CONCLUSIONS AND FUTURE EXPANSIONS
The new version of TFBSshape has greatly increased the quantity and dimensionality of the available structural profiles in the database. The update includes the most recently released TF binding data from the motif databases, JASPAR 2020 (43) and UniPROBE (44), and incorporates the methylated TFBS sequences from the in vivo methylation database MeDReaders (39) and in vitro EpiSELEX-seq experiments (28). The original four shape features in the original version of TFBSshape (23) have been expanded to 14 features, which can be used, for example, to differentiate DNA binding specificities that are not apparent from nucleotide sequence alone. TFBSshape also introduces four shape features for methylated DNA that can be used to uncover mechanistic insights into the effect of methylation on local DNA structure in TF–DNA binding by comparing the structural profiles of unmethylated and methylated TFBSs. Moreover, the current version of TFBSshape provides new functions of mutation design and shape alignment. Finally, the new web interface provides an improved user experience through a modern web design with a Model–View–Controller architecture. In the future, it would be useful to include other types of DNA modification, such as 5-hydroxymethylcytosines or different methylated forms of bases (56–58), once the binding data and DNA shape prediction methods are available. The architecture of the current version of TFBSshape enables adding other TF motif databases such as UniBind (59) and MethMotif (60) and new TF–DNA binding profiles or new large-scale TF–DNA binding assays in the future.
Supplementary Material
ACKNOWLEDGEMENTS
A collaboration of the authors with Harmen Bussemaker on DNA methylation readout initiated some of the added functionalities of TFBSshape. The authors thank all current members of the Rohs laboratory for feedback and valuable input. The authors acknowledge Lin Yang and Tianyin Zhou for conceiving initial concepts of TFBSshape (23) and DNAshape (24), Satyanarayan Rao for participation in planning stages of the project, contributions to the shape alignment approach and development of methyl-DNAshape (37), and Jinsen Li for deriving the expanded set of 13 DNA shape features (25). The authors also thank Luigi Manna for administrating the server hosting TFBSshape, and Anthony Mathelier, Wyeth Wasserman and the JASPAR 2020 team (43) for providing data entries prior to their publication.
Notes
Present address: Beibei Xin, State Key Laboratory of Agrobiotechnology and National Maize Improvement Center, Department of Plant Genetics and Breeding, China Agricultural University, Beijing 100193, China.
SUPPLEMENTARY DATA
Supplementary Data are available at NAR Online.
FUNDING
National Institutes of Health [R01GM106056, R01HG003008 (in part), and R35GM130376 to R.R.]; the USC-Taiwan Postdoctoral Fellowship Program [to T.P.C.]; the Rose Hills Foundation [to N.M.]; the Human Frontier Science Program [RGP0021/2018 to R.R.]. Funding for open access charge: National Institutes of Health [R35GM130376].
Conflict of interest statement.
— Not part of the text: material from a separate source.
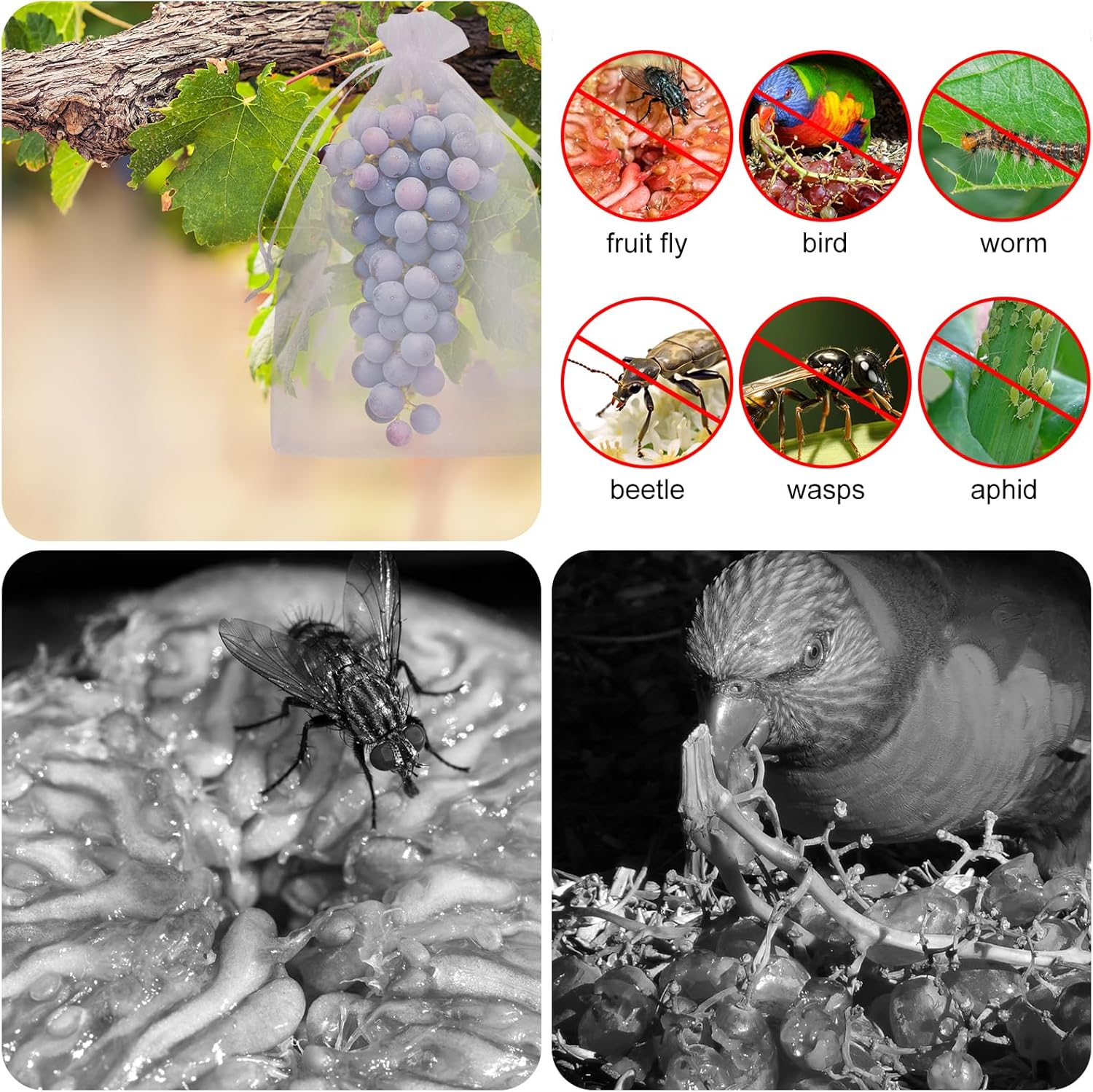 The fine mesh fruit bags are see-through to assess fruit health and are airy which allows the water and light to get through but keeps the bugs critters out.

None declared.
REFERENCES
- 1. Stormo G.D. DNA binding sites: representation and discovery. Bioinformatics. 2000; 16:16–23. [DOI] [PubMed] [Google Scholar]
- 2. Stormo G.D. Modeling the specificity of protein–DNA interactions. Quant. Biol. 2013; 1:115–130. [DOI] [PMC free article] [PubMed] [Google Scholar]
- 3. Schneider T.D., Stephens R.M.. Sequence logos: a new way to display consensus sequences. Nucleic Acids Res. 1990; 18:6097–6100. [DOI] [PMC free article] [PubMed] [Google Scholar]
- 4. Crooks G.E., Hon G., Chandonia J.M., Brenner S.E.. WebLogo: a sequence logo generator. Genome Res. 2004; 14:1188–1190. [DOI] [PMC free article] [PubMed] [Google Scholar]
- 5. Benos P.V., Bulyk M.L., Stormo G.D.. Additivity in protein–DNA interactions: how good an approximation is it?. Nucleic Acids Res. 2002; 30:4442–4451. [DOI] [PMC free article] [PubMed] [Google Scholar]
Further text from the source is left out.